Desirée è una bella ragazza con gli occhiali spessi alla Woody Allen (sono tornati di moda, pare) ed è una tipa socievole, piuttosto espansiva, dotata di parlantina e di voglia di fare. Indossa un lungo cappotto scuro tutto sgualcito; ha i capelli lunghi neri e mossi e gli occhi verdi; una maglietta colorata (d'un verde o rosa o fucsia quasi fluorescente) e un paio di pantaloni strappati all'altezza delle ginocchia. Ai piedi, un paio di Converse rosse (anche queste piuttosto usate, di persona che cammina molto).

Desirée studia Inglese e Francese, si occupa di letteratura femminile (sarà anche femminista?) e di gender studies; ma un giorno - mi confessa - lesse Goethe, il suo Viaggio in Italia, e ne rimase folgorata. Le sono piaciuti, in particolare, i brani che lo scrittore dedica ai paesi e paeselli che ha trovato lungo il cammino da Napoli a Salerno (o viceversa); e Desirée è rimasta a bocca aperta pensando alla differenza abissale, ai cambiamenti inesorabili e in peggio che quei paesi hanno assunto oggi, nel trascorrere del tempo e a distanza di tanti anni (più di un secolo fa - il libro di Goethe uscì nel 1829, anche se il viaggio lo fece quando aveva 37 anni, nel 1786).

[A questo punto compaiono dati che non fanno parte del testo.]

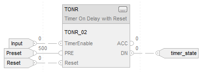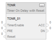 Set the Reset input parameter to reset the instruction. If TimerEnable is set when Reset is true, the TONR instruction begins timing again when Reset is false.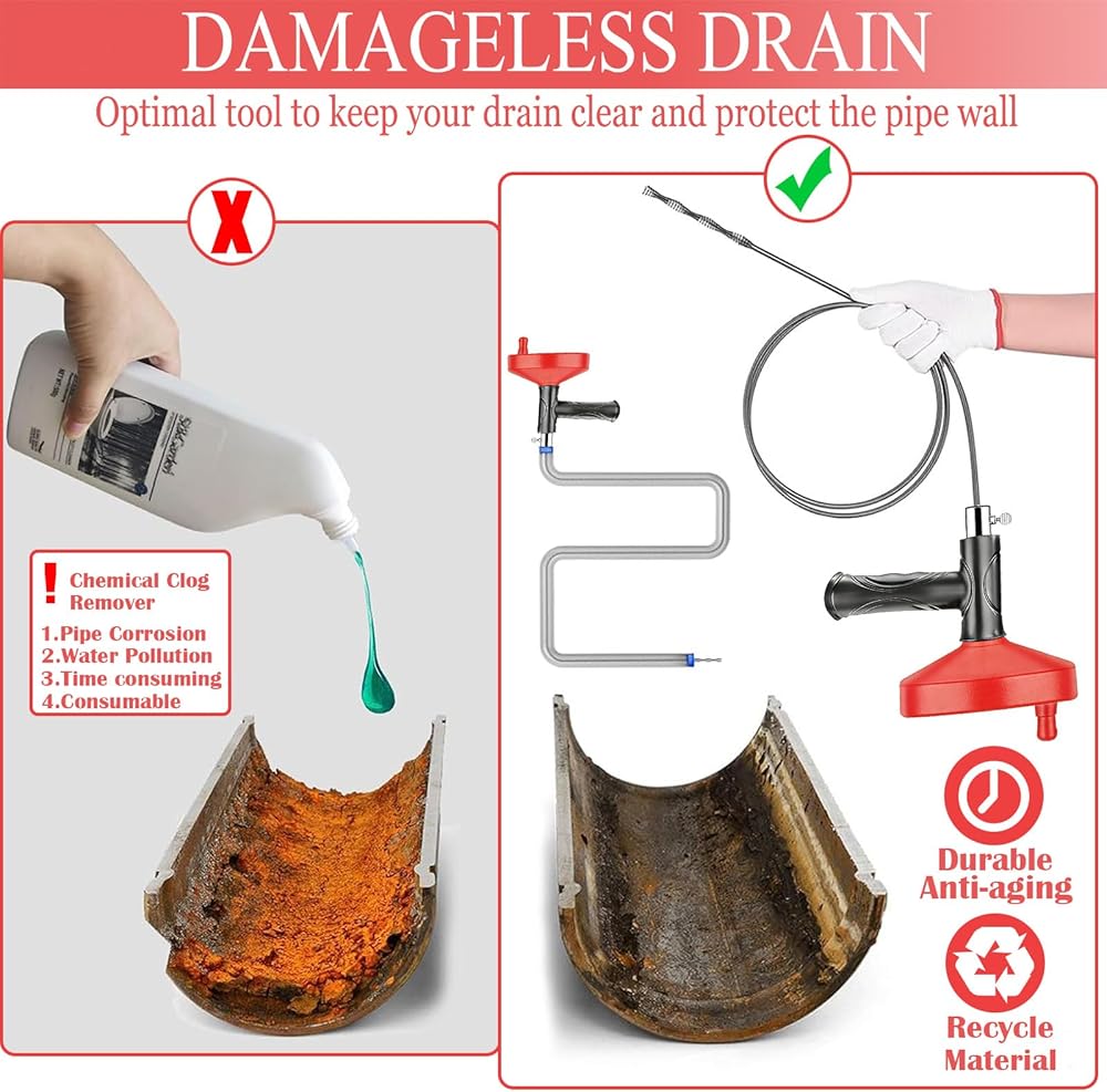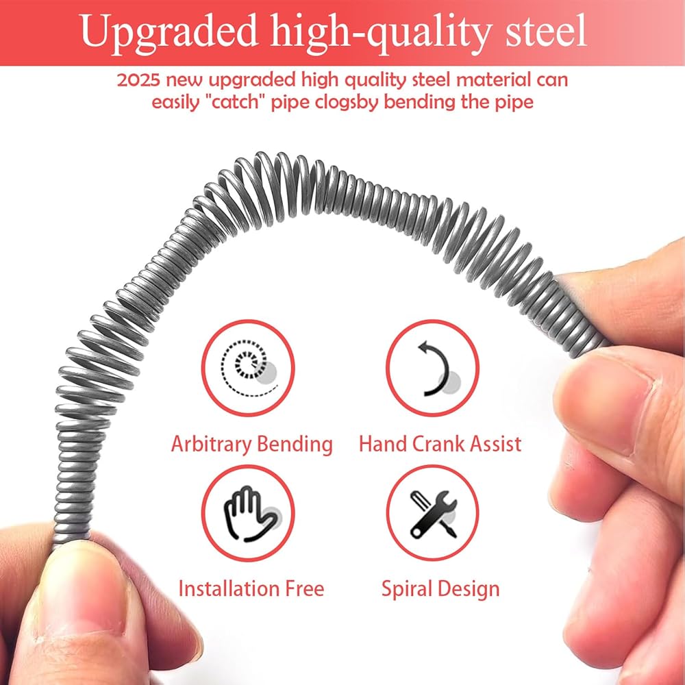 [تشغيل سهل وتعليمات تشغيل مفصلة]: يحتوي ثعبان الصرف على قبضة مسدس مريحة تسهل الاستخدام وتجعل التعامل أكثر راحة. يمكن ثني الزنبرك المرن لأكثر من 90 درجة دون أن ينكسر أو يلتوي، مما يتيح لك الوصول إلى انسدادات الحوض بكفاءة. بالإضافة إلى ذلك، إذا كنت لا تعرف كيفية استخدامه، فإن تعليمات التشغيل التفصيلية ستعلمك مدى سهولة القيام به.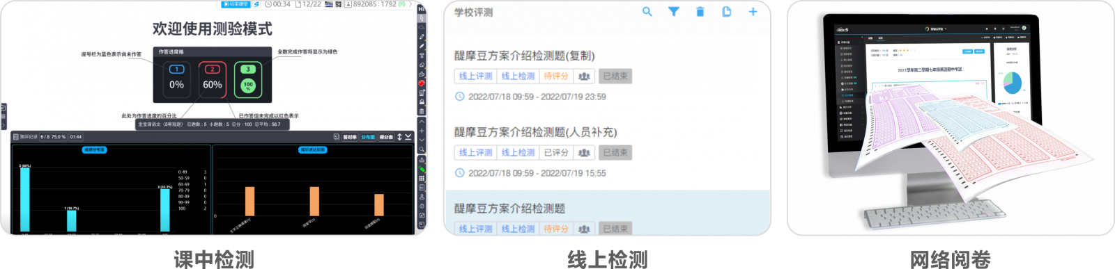靈活組卷,課中、線上、網(wǎng)閱多元檢測活動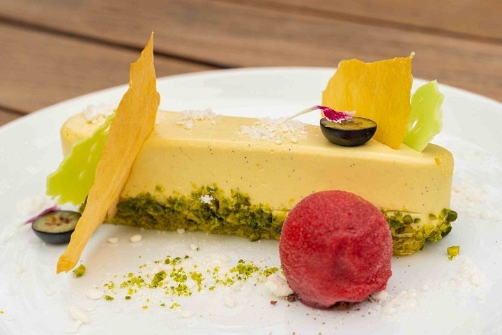 淡い緑が初夏を演出してライムの爽やかさ、ピスタチオの甘味とコクがマッチした味わいをお楽しみください。赤い実シャーベットを添えてご用意いたします。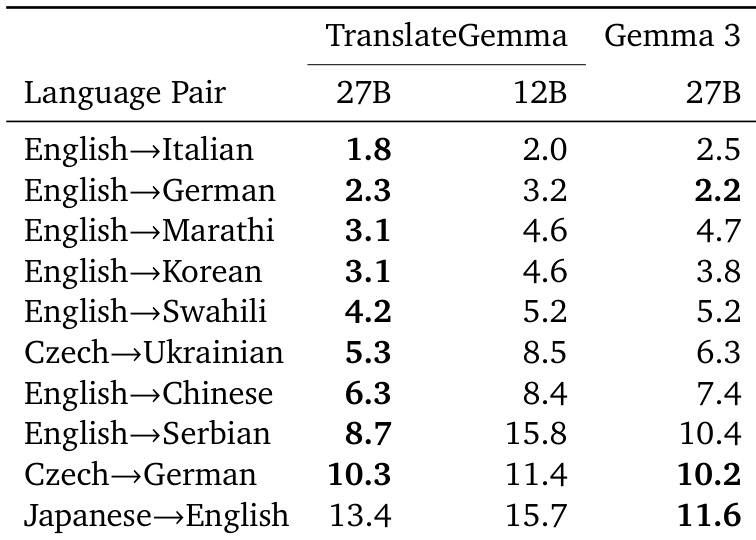 - Human evaluation on 10 language pairs using MQM confirmed TranslateGemma’s superiority in most cases, with notable gains in low-resource pairs (e.g., +1.6 for English→Marathi, +1.0 for English→Swahili), though a regression was observed in Japanese→English due to named entity errors.

Desirée si è messa in testa di fare un documentario sui "paesi nascosti", sugli scempi che la camorra o lo Stato (o entrambi, insieme, e allo stesso tempo) hanno lasciato su questo territorio ben circoscritto e sul fatto che bisogna recuperarli e prendere coscienza di quanto non si fa e di quanto si potrebbe fare per migliorare il paesaggio, e l'Italia intera, forse.

A tratti, mentre l'ascolto infervorarsi contro chi ci governa, mi fa venire in mente Roberto Saviano. Altre, mi fa ridere (Desirée è una tipa anche molto "teatrale", gesticola molto, si muove, quando parla, ed ha una faccia davvero espressiva).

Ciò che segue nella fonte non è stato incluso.